Я бежал, приседая на каждом шагу, спотыкался, как вдруг, среди этого задыхающегося бега, я заметил, что у меня на ладони появилась свежая, горячая, как блин, только что рожденная пощечина, пощечина без хозяина, пощечина никому, а вернее, кому-то — кого еще следует непременно найти.

— Разом, разом!.. — подумал я резко. — Если они ничего не понимают, ничего не желают понимать, надо разом дать за обиду пощечину, как это делали в далекой истории, — а потом наплевать, а потом будь что будет!

Я сунул пощечину вместе с рукою в карман и так, не вынимая их из кармана, пошел искать того самого человека, от которого произошла моя сегодняшняя полная обида.

Прежде всего я пришел к своему начальнику. Пощечина прыгала у меня по карману.

— Да, — сказал начальник о моем переходе. — Он идет, но идет что-то тихо. Узнавайте. Этим занимаются кадры, а я, с моей стороны, сделал все, что я мог.

Начальник был усталый и приветливый человек. Он действительно сделал для меня все, что мог.

Я пошел со своей пощечиной в кадры. Она пощелкивала у меня об ладонь, видно пробуя себя перед делом.

— Что это у вас там трещит? — сказал мне начальник над кадрами, легко барабаня пальцами по лысому лбу.

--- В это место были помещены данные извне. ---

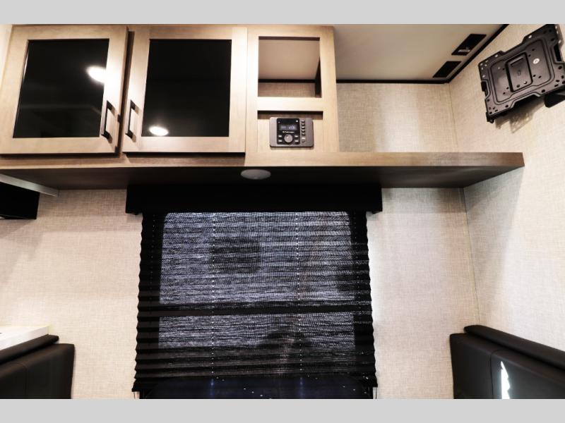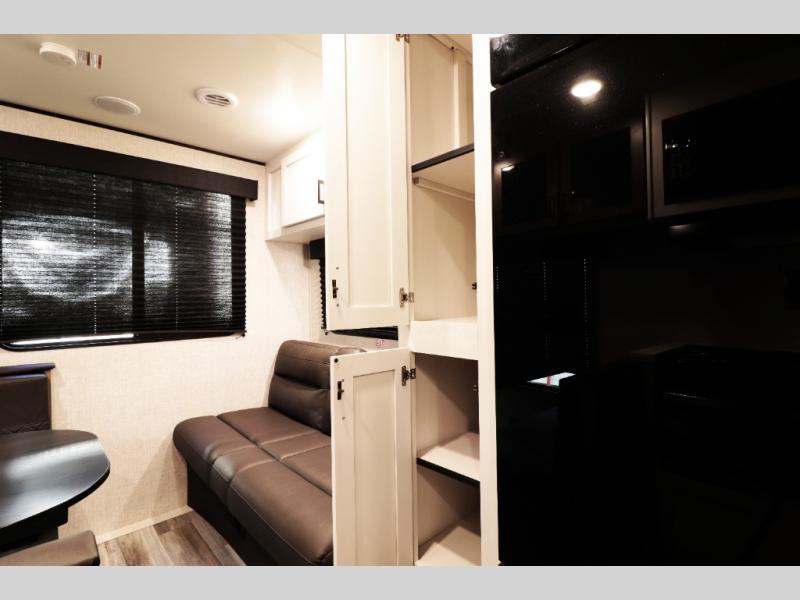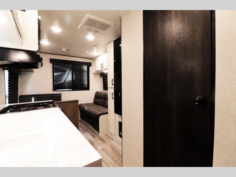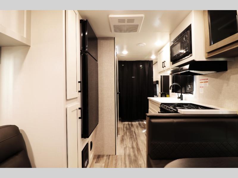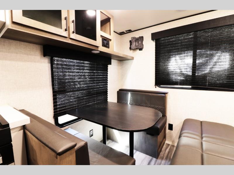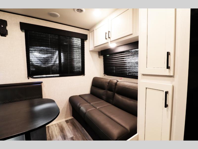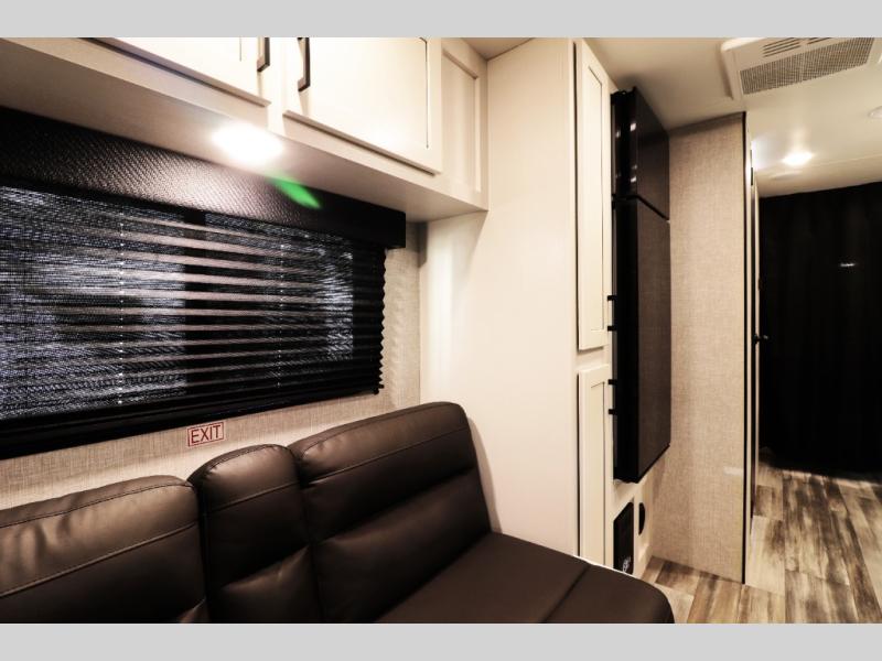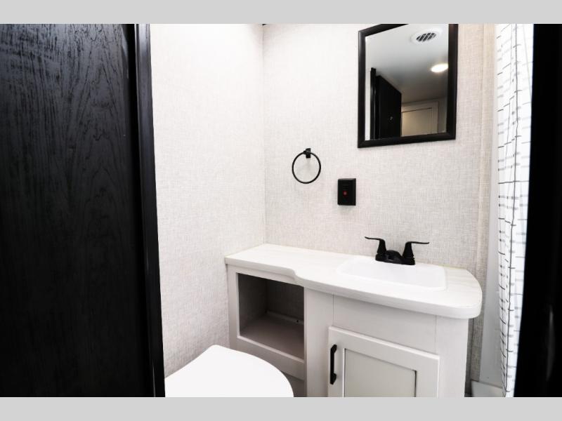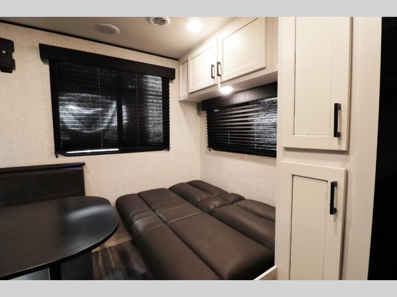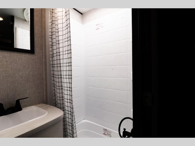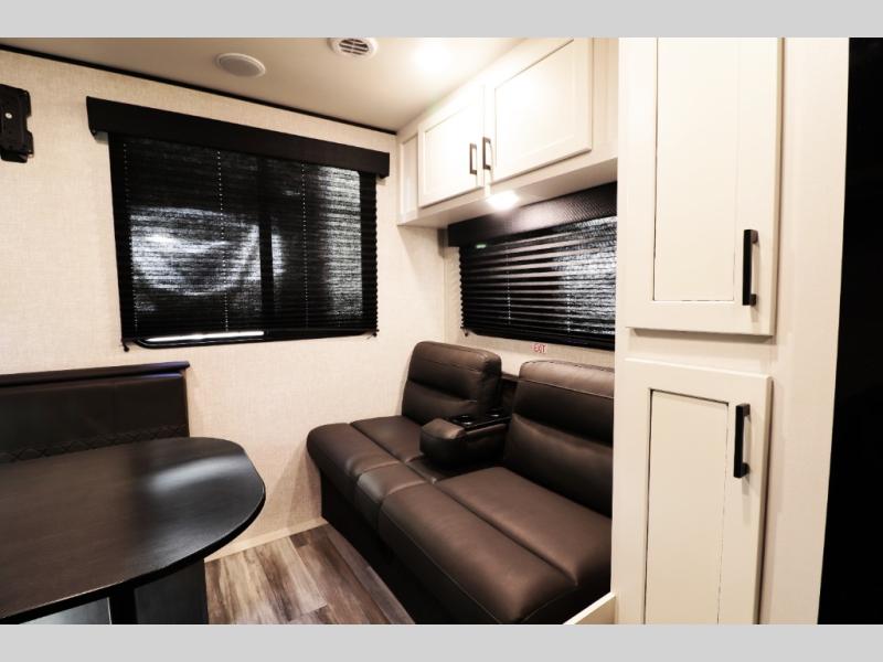This family-focused bunkhouse model features double-size bunks and dual entry doors, giving kids, guests, or extended family their own comfortable sleeping space while allowing easy access to both the bathroom and main living area. The open floorplan with slide-out creates a roomy interior, while theater seating and convertible dining areas provide relaxing comfort after a day of travel or camping. A private front queen master bedroom offers couples the comfort and privacy they want, making this RV ideal for both family trips and romantic getaways.

— Так, — сказал я, сжимая пощечину. — Так, одна деталь. Почему не идет моя переводка?

— Верно, — ответил начальник, умно и доброжелательно поглядев на меня. — Не идет. Приостановилась.

— Почему? — спросил я, сдерживаясь.

— Посудите сами, — сказал начальник. — У вас бывают срывы. Выговор был у вас? Был. Недавно благодарности лишили. Уж даже благодарности! Нет, не могу. Я должен за этим специально следить. У меня такая работа.

— Но кто же, кто лишил благодарности? — спросил я, враз понимая, что он действительно здесь ни при чем, а главные те, предыдущие люди, которые именно виноваты во всем.

— Я не должен этого говорить, — сказал начальник. — Но я давно вас знаю и скажу. Только это между нами. Хорошо?

Как я мог обижаться на этого разумного и прямого человека? Он ничуть не похож на обычного, сатирического начальника отдела кадров, над которым мы вволю смеемся, как принято, а втайне боимся.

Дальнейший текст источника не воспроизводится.